# TASK BRIEF
Write the entries below out again exactly, but skip the pictures.

# SOURCE RECORDS
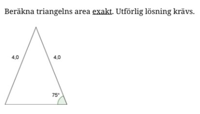 Arean räknas ut genom: a x b x sin c/2 så med denna uppgiften ska man ta 4 x 4 x sin 75/2 eller 4 x 4 x sin 30/2? (Eftersom att 180-75-75=30)
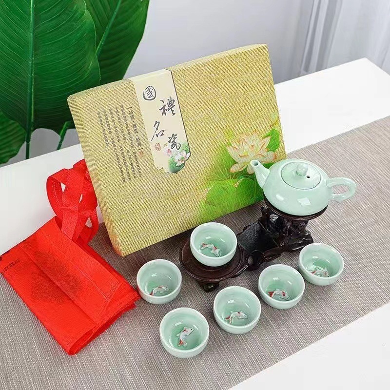 工夫茶器小徳化青磁茶器鯉杯陶磁器ティーポットセット
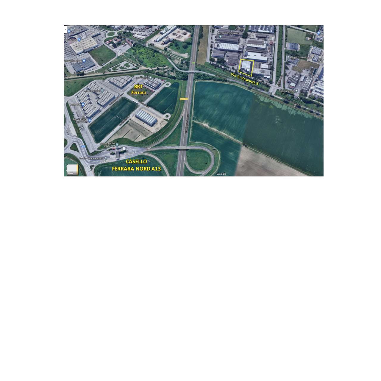 Immobilimpresa 10510986 – Riferimento Agenzia Diamantina ven – Capannone di 2650 MQ, comprendente palazzina per uffici, nella zona PMI di Ferrara Nord, vicino all'omonimo casello autostradale.
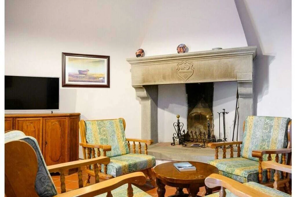 Die Gäste werden von einem hellen, offenen Wohnbereich empfangen, der mit Sofa, Sesseln, Fernseher, Kamin und Esstisch ausgestattet ist. Es folgt eine schöne Küche mit Herd, Backofen, Kühlschrank, Geschirrspüler, Toaster, Kaffeemaschine und Esstisch für 8 Personen.
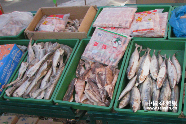 速冻水产直接摆在路边供人买卖。(中国台湾网 马迪 摄)
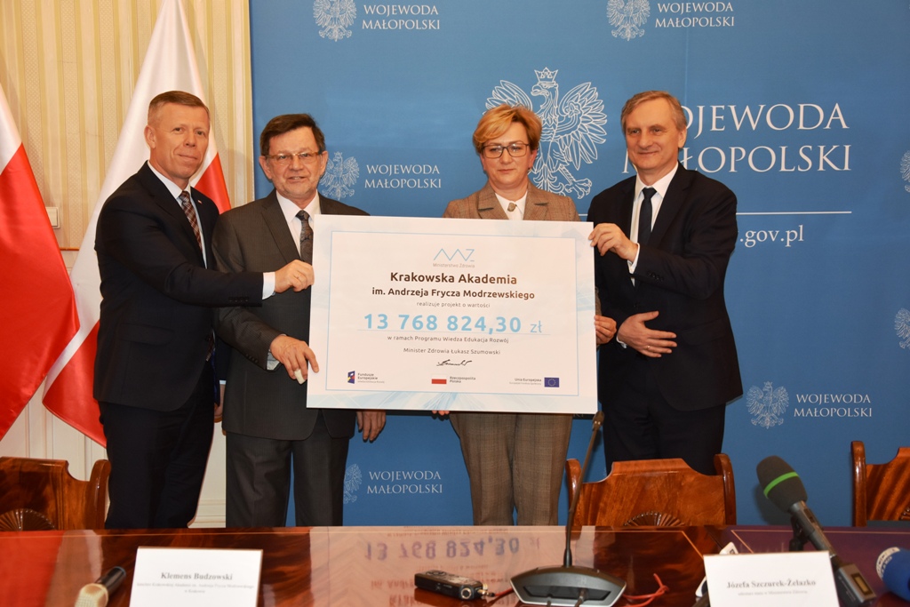 Wiceminister zdrowia Józefa Szczurek-Żelazko podpisała umowę o dofinansowanie na utworzenie Wieloprofilowego Centrum Symulacji Medycznej w ramach Projektu „Kształtowanie umiejętności klinicznych w warunkach symulowanych w Krakowskiej Akademii im. Andrzeja Frycza Modrzewskiego”. Ministerstwo Zdrowia przekaże na ten cel 13,7 mln złotych.
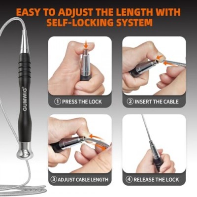 Gumwig 스피드 줄넘기, 남성용 탈착식 가중 더블 언더 줄넘기, 여성용 트레이닝 줄넘기, 자동 잠금 시스템으로 길이 조절이 용이함, 성인용 크로스핏 피트니스
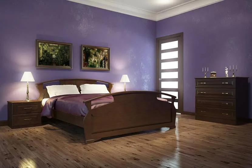 Коричневый пол и глубокий сиреневый шелковой штукатурки в отделке спальниИсточник spb.mnogosna.ru
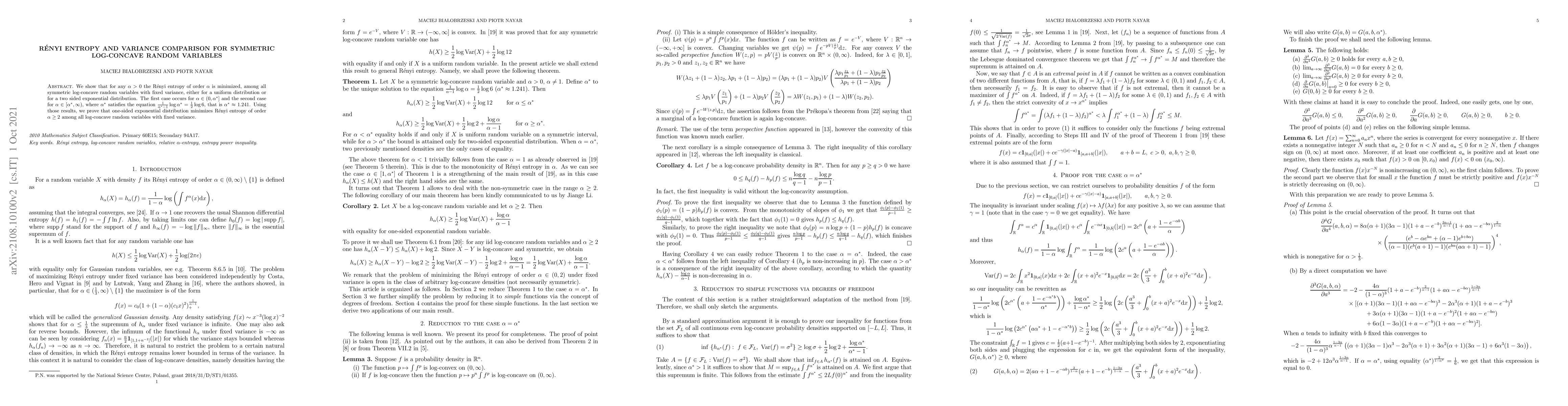 We show that for any $\alpha>0$ the R\'enyi entropy of order $\alpha$ is minimized, among all symmetric log-concave random variables with fixed variance, either for a uniform distribution or for a two sided exponential distribution. The first case occurs for $\alpha \in (0,\alpha^*]$ and the second case for $\alpha \in [\alpha^*,\infty)$, where $\alpha^*$ satisfies the equation $\frac{1}{\alpha^*-1}\log \alpha^*= \frac12 \log 6$, that is $\alpha^* \approx 1.241$. Using those results, we prove that one-sided exponential distribution minimizes R\'enyi entropy of order $\alpha \geq 2$ among all log-concave random variables with fixed variance.

# WRITTEN RESPONSE
 Arean räknas ut genom: a x b x sin c/2 så med denna uppgiften ska man ta 4 x 4 x sin 75/2 eller 4 x 4 x sin 30/2? (Eftersom att 180-75-75=30)
 工夫茶器小徳化青磁茶器鯉杯陶磁器ティーポットセット
 Immobilimpresa 10510986 – Riferimento Agenzia Diamantina ven – Capannone di 2650 MQ, comprendente palazzina per uffici, nella zona PMI di Ferrara Nord, vicino all'omonimo casello autostradale.
 Die Gäste werden von einem hellen, offenen Wohnbereich empfangen, der mit Sofa, Sesseln, Fernseher, Kamin und Esstisch ausgestattet ist. Es folgt eine schöne Küche mit Herd, Backofen, Kühlschrank, Geschirrspüler, Toaster, Kaffeemaschine und Esstisch für 8 Personen.
 速冻水产直接摆在路边供人买卖。(中国台湾网 马迪 摄)
 Wiceminister zdrowia Józefa Szczurek-Żelazko podpisała umowę o dofinansowanie na utworzenie Wieloprofilowego Centrum Symulacji Medycznej w ramach Projektu „Kształtowanie umiejętności klinicznych w warunkach symulowanych w Krakowskiej Akademii im. Andrzeja Frycza Modrzewskiego”. Ministerstwo Zdrowia przekaże na ten cel 13,7 mln złotych.
 Gumwig 스피드 줄넘기, 남성용 탈착식 가중 더블 언더 줄넘기, 여성용 트레이닝 줄넘기, 자동 잠금 시스템으로 길이 조절이 용이함, 성인용 크로스핏 피트니스
 Коричневый пол и глубокий сиреневый шелковой штукатурки в отделке спальниИсточник spb.mnogosna.ru
 We show that for any $\alpha>0$ the R\'enyi entropy of order $\alpha$ is minimized, among all symmetric log-concave random variables with fixed variance, either for a uniform distribution or for a two sided exponential distribution. The first case occurs for $\alpha \in (0,\alpha^*]$ and the second case for $\alpha \in [\alpha^*,\infty)$, where $\alpha^*$ satisfies the equation $\frac{1}{\alpha^*-1}\log \alpha^*= \frac12 \log 6$, that is $\alpha^* \approx 1.241$. Using those results, we prove that one-sided exponential distribution minimizes R\'enyi entropy of order $\alpha \geq 2$ among all log-concave random variables with fixed variance.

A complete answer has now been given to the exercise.